# 1.3.1 File Reading Example - Foreign Exchange Rate Dataset

Datafile: "14_Foreign_Exchange_Rates_PureNumeric.csv.csv"

Originally developed by Jingwei Liu (2020-08-29)


### Let's first define some functions to show the data we will read and help us get some basic information about the dataset.
In this example, the dataset will be read as<font color = "red"> **a list of lists** </font>, so we will define a small function to show the values in the list of lists

In [None]:
# Define a "ShowData" function - note the default value for the (now) optional parameter.
#  dataset is a list of lists
def ShowData(dataset = [["No dataset sent"]]):
    for r in dataset:
        # print elements in a tab-separated format
        print ("\t".join(r))

# sample calls
ShowData([["one", "two", "three"], ["four", "five", "six"], ["seven", "eight", "nine"]])
#show()

### Also, it is always good to check the shape of the dataset you read 
*The function below will show the number of rows and columns in the list of lists.*
<br>
**Here, Row number means how many elements in the list.

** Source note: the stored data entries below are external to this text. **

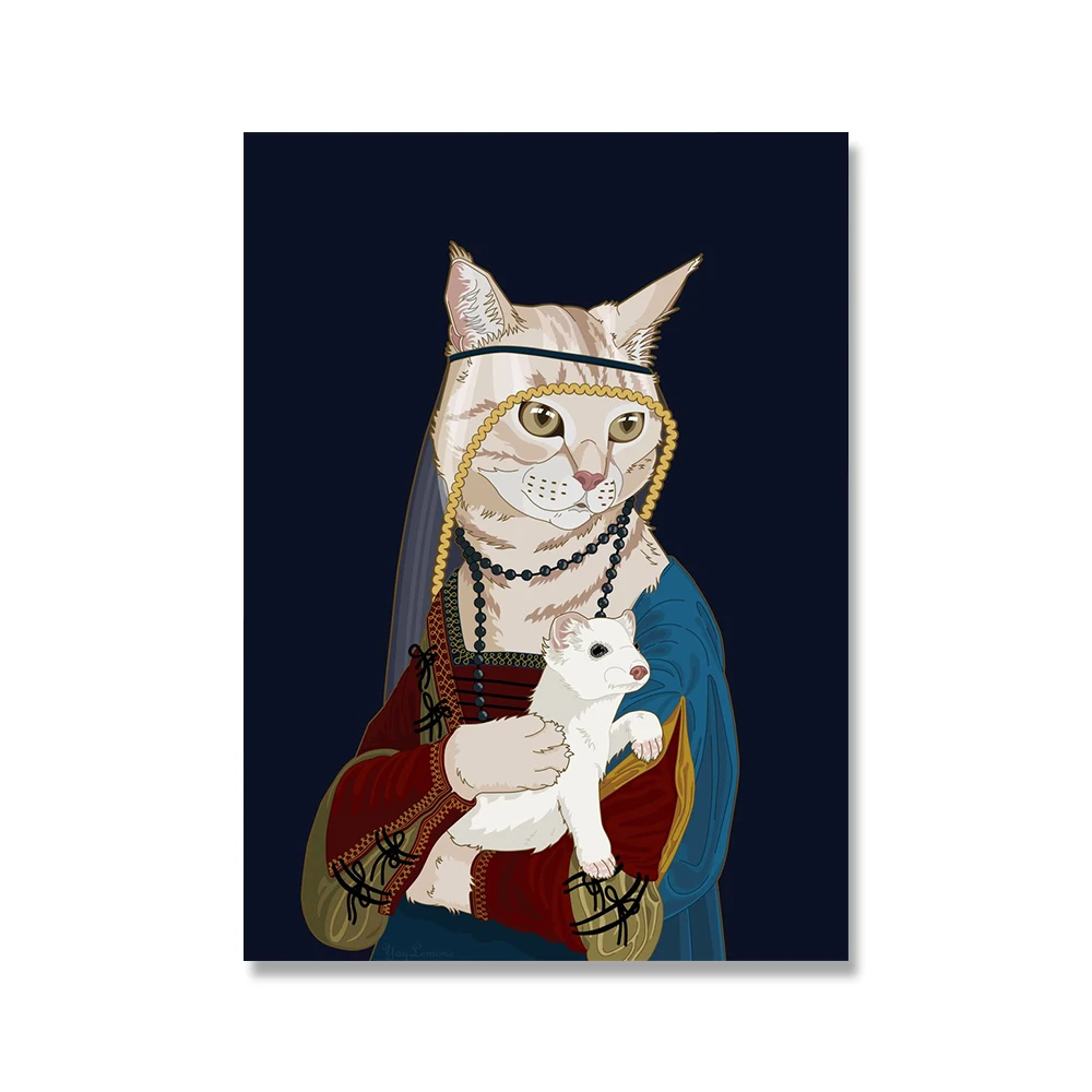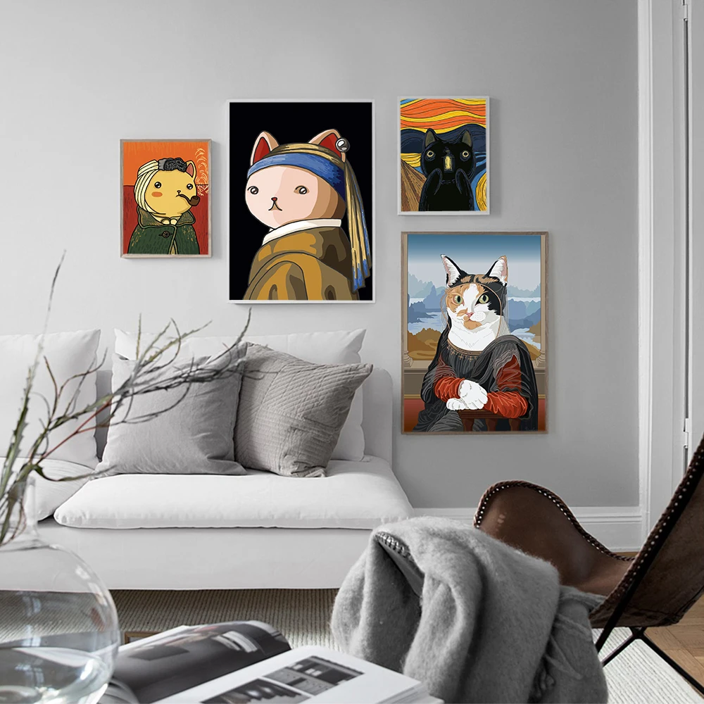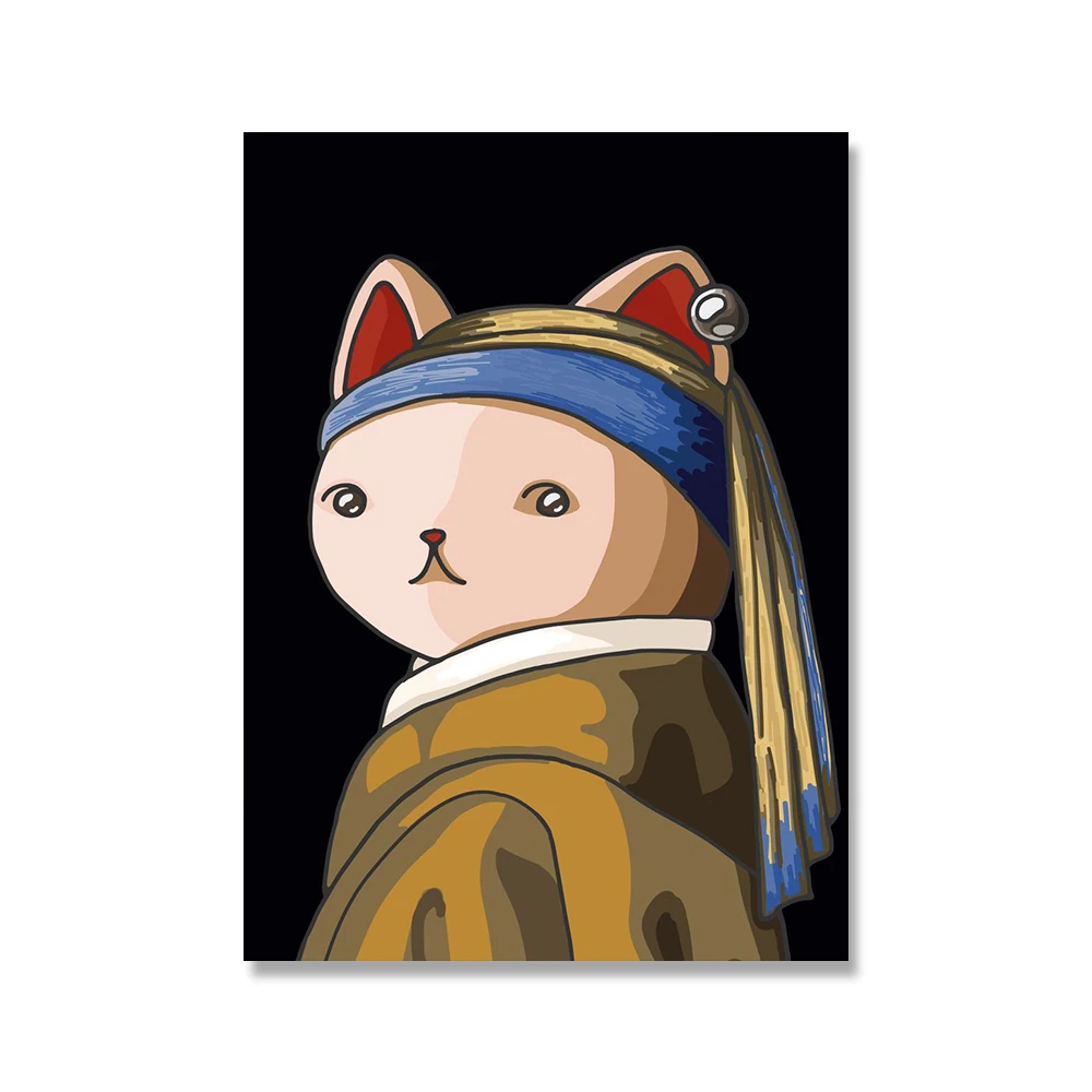 Картина Винсента мультфильм Кот леди холст постер моралиса Забавный принт Кот в жемчуге серьги настенное искусство картины декор детской комнаты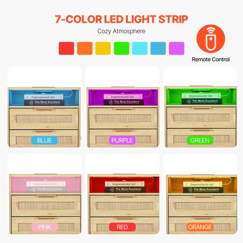 VEVOR Rattan Nightstand, Boho Bedside Table with Drawer Open Shelf, Rattan End Table Wooden Nightstand with Solid Wood Legs, Rattan Side Table with Charging Station, for Bedroom, Study & Living RoomNatural Rattan DesignClassified StorageBuilt-In Power StripSturdy and DurableVersatile UseEasy AssemblyLight Strip: 25 Modes + 7 Colors + 6 Brightness Levels + 6 Speeds,Weight Capacity: 100 lbs,Power Strip Output: AC 110~120V, 60Hz, Maximum Power 1500W,Item Model Number: SR248011-US--1PC,Product Weight: 24.25 lbs / 11 kg,Power Strip Configuration: 2 AC Outlets + 2 USB Ports + 1 Type-C Port,Drawer Dimensions: 15.35 x 10.63 x 3.15 inches / 390 x 270 x 80 mm,Product Dimensions: 17.80 x 14.25 x 23.23 inches / 452 x 362 x 590 mm (including handle)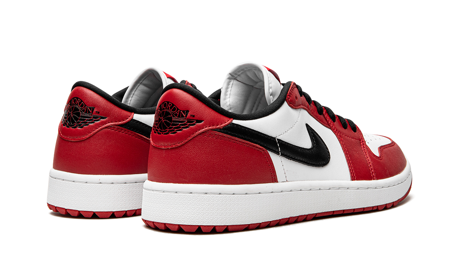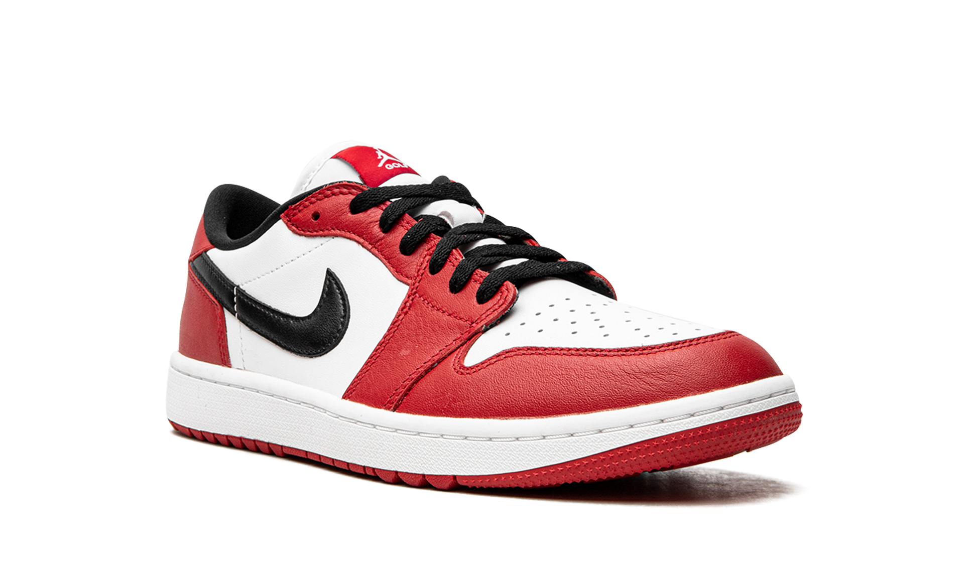 The Air Jordan 1 Low Golf “Chicago'' utilizes the iconic Chicago colorway in low top form to make golfers worldwide look fly on the fairways. The “Chicago” Jordan 1 for golf features a white leather base with Varsity Red overlays and a revamped rubber outsole. The Swoosh is seen in black along with the laces, as well as the Jordan Golf branding on the tongue tag and debossed Wings logo on the heel tab. White is used on the midsole and the red outsole features rubber teeth for traction on the golf course.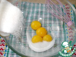 Разделить яйца на желтки и белки, белки пока отставить в сторону. В желтки высыпать 0,75 стакана сахара, растереть добела.
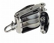 HYE Offshore Blöcke Wangen: schwarzes Spritzguss-Nylon Scheiben: solides weisses Polyacetal Gleitlager: Messing Rahmenkonstruktion: Edelstahl AISI 316 3-in-1-Wirbelkopfsyste Scheiben Ø in mm: 63 Tauwerk Ø in mm: 16 BL DAN: 4210 SWL DAN: 2105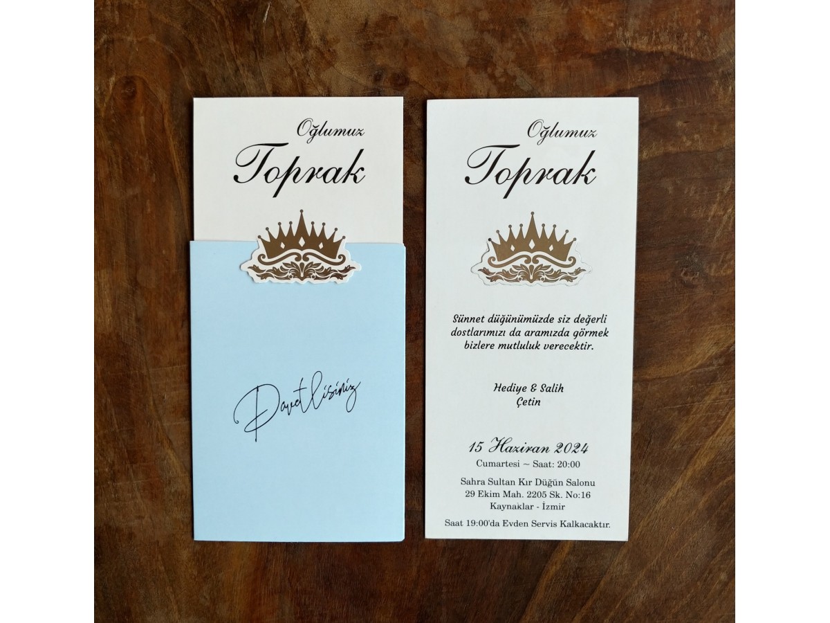 Davetiyenin zarfı açık mavi tonlarında tasarlanmıştır ve üzerine gümüş yaldız davetlisiniz yazısı basılmıştır. İç kısmı açık krem tonlarında üzerinde gümüş yaldız taç vardır.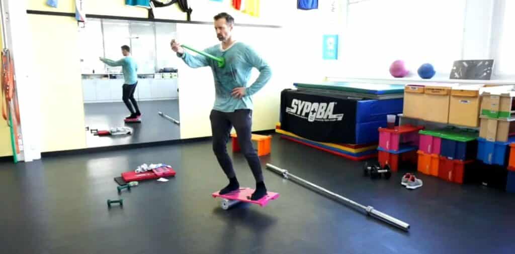Beschreibung / Effekt Vertikales Element. Dieses E gehört zur Gruppe Mentale E, d.h. es werden unterschiedliche Formen der Koordination eingebaut und je nach Schwerpunkt werden unterschiedliche Fertigkeiten aufgerufen. Beim Vis-st wird die gesamte Feinmotorik über die gesamten unteren Extremitäten (Hüfte, Knie, Sprunggelenk), Rücken- & Rumpfmuskulatur angesteuert. Des Weiteren werden über eine zusätzliche Aufgabe im Bereich der oberen Extremitäten die Koordinationsfähigkeiten erweitert, d.h. 2 koordinative Aufgaben gleichzeitig erfüllen! Bei Vis-st geht es vor allem seine Lesestärke zu verbessern, dank der Dauer und dessen Fertigkeiten der E wird eine stärkere Durchblutung auch innerhalb des Auges erreicht was gegen Ende eines E zu einer Leseverbesserung führt! |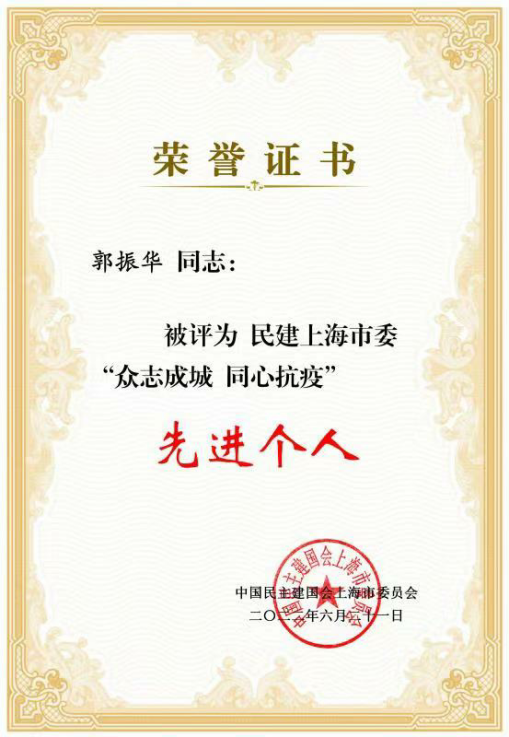 根据学校和民建市委对疫情防控工作的要求,我校民建支部及时跟进和宣传会员们积极应对疫情的有力行动,传递正能量。郭振华、俞永斌两位会员获得民建上海市委“众志成城 同心抗疫”先进个人。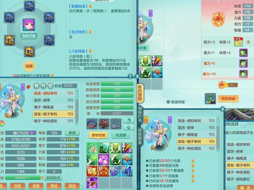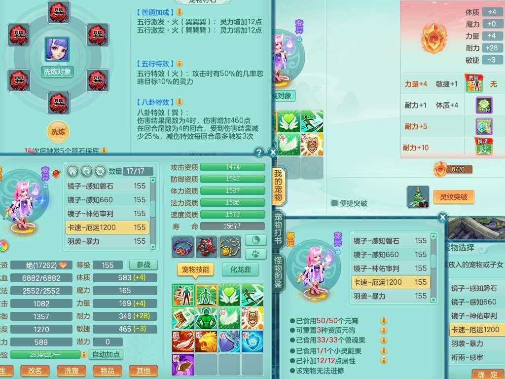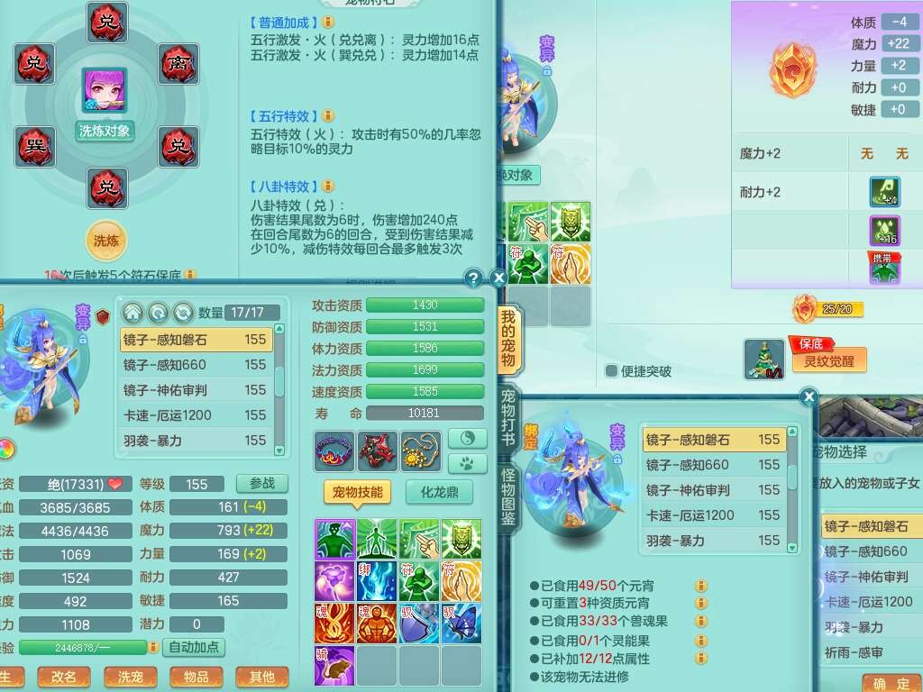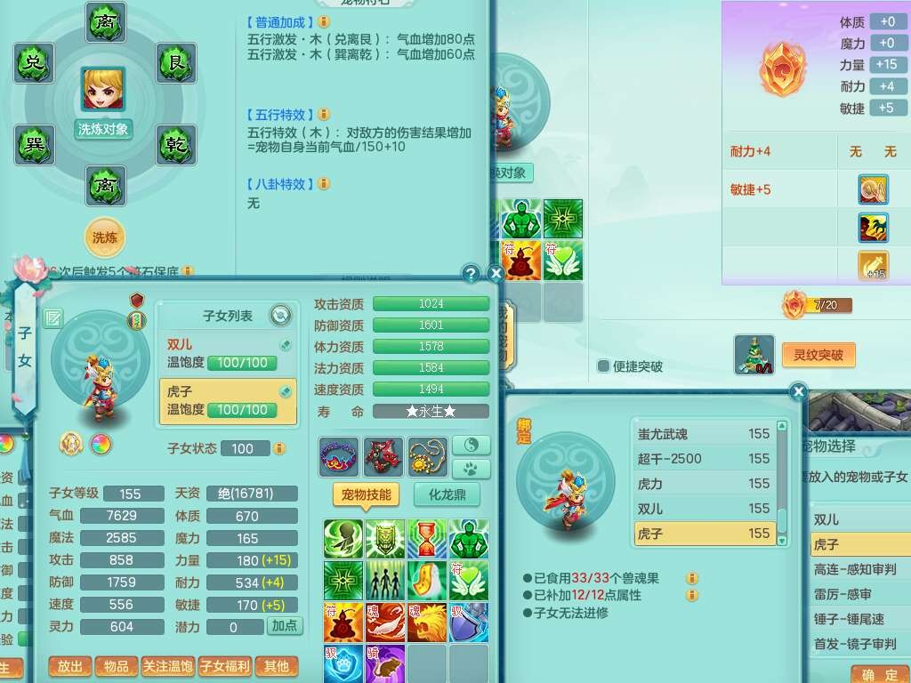 A22285风驰电掣159男盘丝,精灵舞,2龙1内胆神,1神兽+56个神兽内丹碎片,【9觉醒,已潜龙】,4位靓号,6宠皮,3特殊(羽袭,祈雨,号角),5只六技能镜花灵,1只六技能龙姬,双红封印精通群体安神头,双红奇珍四海单加50武器,三红愤怒易成长笑里单加腰带,迅捷群体守护单加鞋子,六特,法系装备有法暴单加53武器,265易成长单加51链子,法缭衣服,物理装备有,921易成长单加54武器,崩山衣服,易成长单价57头,神佑神佑坚毅项链都有,5.0基础鼎+70攻+280血,15个永久格子,7个纯六字,23只满果子,宠排在榜,经验在榜,双人坐骑,冰晶庭院,有70天月卡。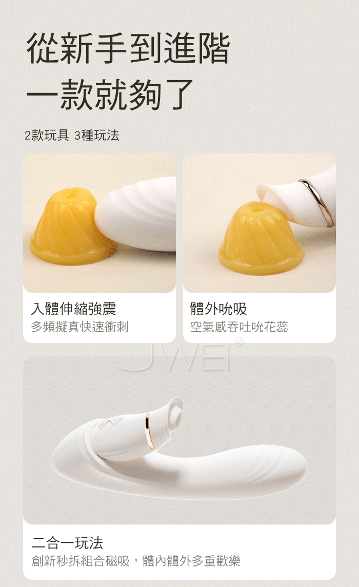 | 花間吻.6x6頻伸縮強震深吻吮吸 分離式加溫智能遠控按摩棒【基礎款】
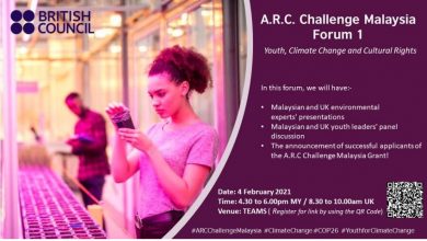 The British Council in Malaysia is pleased to invite you to the A.R.C Challenge Malaysia Forum 1 on Youth, Climate…

Column number means how many elements in each element list.**

In [None]:
# Define a "ShowRowsAndCols" function which show the number of rows and columns in the dataset
# dataset is a list of list. Row number means how many elements in the list. Column number means how many elements in each element list.
def ShowRowsAndCols(dataset = [["No dataset sent"]]): 
    print("There are {} rows in the dataset".format(len(dataset)))
    print("There are {} columns in the dataset".format(len(dataset[1])))
    
# sample calls
ShowRowsAndCols([["one", "two", "three"], ["four", "five", "six"]])
#show()

### Now, let's read the data set into a list of lists using different Python methods

One thing you should know is , each element in the list of lists is stored <font color = "red">**as string**</font>. (even it is a number).

In [None]:
# Initial version - "standard programming"
#
# Define a list for the data.  Will be a list of lists.
data = []
# open the file
fname = "../data/14_Foreign_Exchange_Rates_PureNumeric.csv"
f = open(fname, "r")
# ignore the first 5 lines
for i in range(6):
    line = f.readline()
# loop until we run out of lines
while (line):
    # strip the newline and tokenize (split on commas, in this case)
    tokens = line.rstrip().split(',')
    # append this record to the dataset
    data.append(tokens)
    # read the next line
    line = f.readline()
# close the file
f.close()
# show the data
ShowData(data)

After running the above cell, you should see the data is read as a list of lists. We read all rows in the dataset and each row is a list and also an element of a bigger list. **So, that's why we call this a list of lists**

Now, Let's try to check the value and data type of the first element of the first row *(keep in mind that the subscript in python starts from 0)*

In [None]:
data[0][0]

In [None]:
type(data[0][0])

#### A Python-esque version of the code.
You can see in this cell, it uses fewer lines to do the same work.  For your assignment, you are free to use any of the code versions as a starting point.

In [None]:
#
# Python-esque version 1
#
# Grab all the lines from the file starting with line 6, strip
# the newline and tokenize
with open("../data/14_Foreign_Exchange_Rates_PureNumeric.csv") as f:
    vdataset = [line.rstrip().split(',') for line in f.readlines()[5:]]
# show the data
ShowData(vdataset)


#### Another Python-esque version of the codes
This time we use a module to help us read the dataset and we will read all rows.  Note that this version retains the column heading rows.

In [None]:
#
# Python-esque version 2 
#
# use the csv module
import csv
ds = []
with open("../data/14_Foreign_Exchange_Rates_PureNumeric.csv") as f:
    reader = csv.reader(f)
    for row in reader:
        ds.append(row)
# show the data
ShowData(ds)

### After reading the file, check row and column number in the list of lists (all three versions)

In [None]:
ShowRowsAndCols(data)
ShowRowsAndCols(vdataset)
ShowRowsAndCols(ds)

### We can do some simple calculation with the dataset we read
Here, I just show you about calculating the mean value of Australia data. 

In [None]:
sum = 0
# iterate from first row to last row
for i in data:
    # add Australia data of every row to sum
    sum = sum + float(i[2])
mean = sum/len(data)
mean

### Look at the column headers

In [None]:
# Use the dataset that includes the headers (ds)
ds[0]